Are British Shoppers Relaxing Into A Crisis?

Photo: MATTHEW CHATTLE/REX/SHUTTERSTOCK

Conventional wisdom in the world of retail says that when political or economic conditions are uncertain, takings are low. Consumers lose confidence in the market when they don’t know if they’re about to experience a change in government, and so they tend to stop spending on non-essential items until the election they’re facing is over and done. When there’s talk that a spike in the interest rates applicable to the average credit card, loan, or mortgage are about to increase, people usually hold on to their money until they can spend it with confidence.

In the United Kingdom, political and economic conditions have been uncertain for more than three years. The value of the pound has risen and fallen several times during that period as the probability of leaving the European Union without a new trade arrangement came closer or moved further away, and there have been no less than three Prime Ministers since the referendum on membership of the European Union was called. Now, the country is a month away from a third General Election in four years.

Photo: SHUTTERSTOCK

If the combination of Brexit hanging over the country's head and the furor of an election weren't enough to contend with, there isn't even much certainty about what the result of the election might look like. A pound spent betting on the outcome of the election would be no safer than a pound spent betting on website like Late Casino. For a lot of people in the country, the odds of a mobile slots game delivering a result they might be happy with are greater than the odds of the election doing the same thing. Furthermore, one might even look to sports betting such as what sportsbettingday.com offers at the moment.

When you take into account all of the above, you would expect that if the normal rules were applied, the picture for retail in the UK in the run-up to Christmas - traditionally the biggest time of year - would be a gloomy one. The headline news coming out of the country certainly seems to confirm that. Mothercare, a mother-and-child store which has traded for decades and once had a strong high street presence across the country, has just collapsed. Operations have ceased immediately, and nearly three thousand retail jobs have been lost. There’s no way to paint that as good news, and it isn’t.

If you look away from the isolated case of Mothercare, though, the picture may be rosier than you'd expect to see. It's sad that Mothercare has gone, but the suspicion among retail experts is in the country is that it was more of a victim of falling behind the times than a victim of poor trading conditions. Several large department stores had replicated what was once Mothercare's USP, and beaten it for price. It had been losing money for a long time and has now bowed to the inevitable. It's not a representative picture of the UK retail situation as a whole.

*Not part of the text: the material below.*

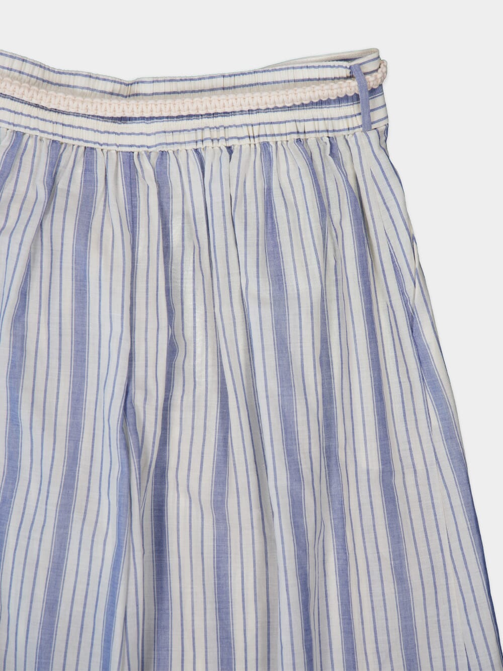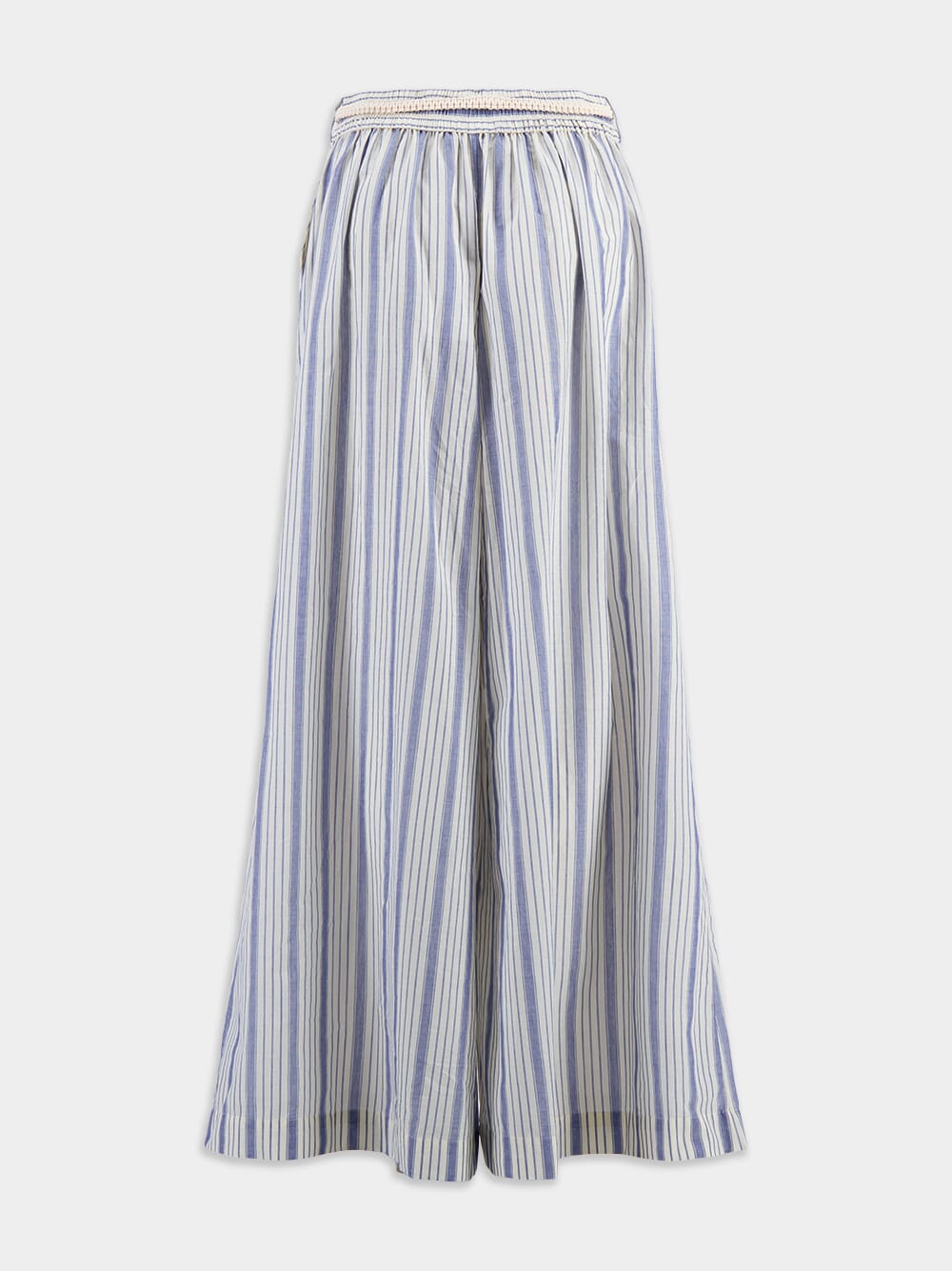 Chintz Striped Relaxed Pant, crafted with a relaxed fit and featuring an elastic waistband, these pants offer a flattering and comfortable fit for all-day wear. The side seam pockets add functionality and convenience, while the removable belt allows for versatile styling options. Adorned with placement stripes, these pants effortlessly elevate any outfit.
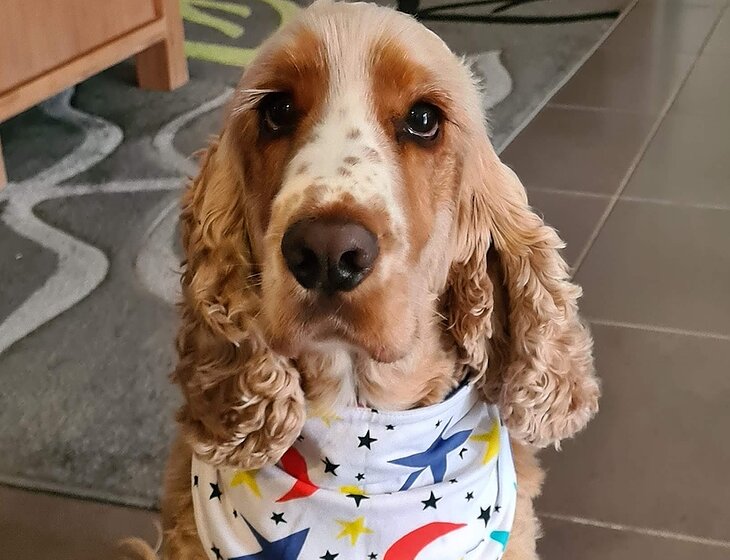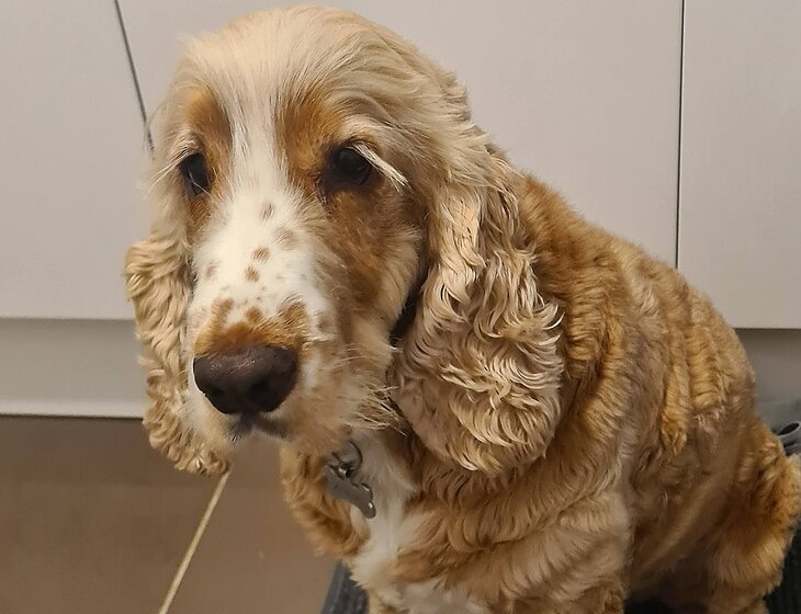 Care needed for a male cocker spaniel. He is predominantly an indoor dog and must be fed and given fresh water daily. He loves people and enjoys companionship but does not get along with other dogs, so no walking is required.

Almost amazingly, the most recent figures available confirm that British shoppers spent more money in October 2019 than they did during October 2018, despite the fact that the Brexit picture is largely unchanged since that time, and there was no election pending this time last year. Everything we know about retail tells us that the figure should have gone down, but somehow the British High Street has managed to buck the trend.

The rise isn't huge, but it's significant. The total value of all sales is up by 0.6 percent compared to the same month last year, but it's the first rise since April of this year. Perhaps even more significantly, it's considerably higher than the growth figure for the year as a whole, which is a mere 0.1%. It's almost as if British shoppers have greeted the news of the forthcoming election with a decision to go out and spend as much as possible. Some analysts are wondering whether that could be true - Brits are simply weary of holding back and waiting, and having received confirmation of yet another Brexit delay and yet another election, they've decided to resume their original spending habits in the assumption that the crisis will go on forever.

In psychological terms, this is known as ‘relaxing into a crisis.’ It occurs when a crisis situation has been going on for such a protracted length of time that it becomes the new norm, and is no longer responded to in normal crisis terms. People accept the crisis as part of their day to day life, and so they deal with it calmly. Britain has had three years of clashing financial forecasts and rudderless leadership. Based on their sudden decision to increase their spending, its citizens have either started investing in doomsday survival packs, or they’ve given up hope of anything resolving itself in the foreseeable future.

There are a few wrinkles which we should mention before we suggest that this theory could be applied to the global retail picture. The first is that fuel prices have dipped slightly in the UK compared to this time last year, which in theory gives people more money to spend on non-essential items. The second is that within that 0.6% rise, there's a sharp increase in the amount of money being spent on takeaway food, which is up more than 6%. It's possible that Brits are only spending more because they have more to spend, and it's also possible that the retail food industry is the only significant beneficiary of that increase in spending.

Further analysis of the figures is required, and so are November's trading figures. If at the end of this month, there's another rise in spending, we'll be able to talk with more confidence about a definite upturn in the British retail services picture. Should that be the case, we may all have learned something about how shoppers respond to uncertain economic climates. They don't necessarily need a change in the way that retailers approach them; they just need time to adjust to the situation before they begin spending again.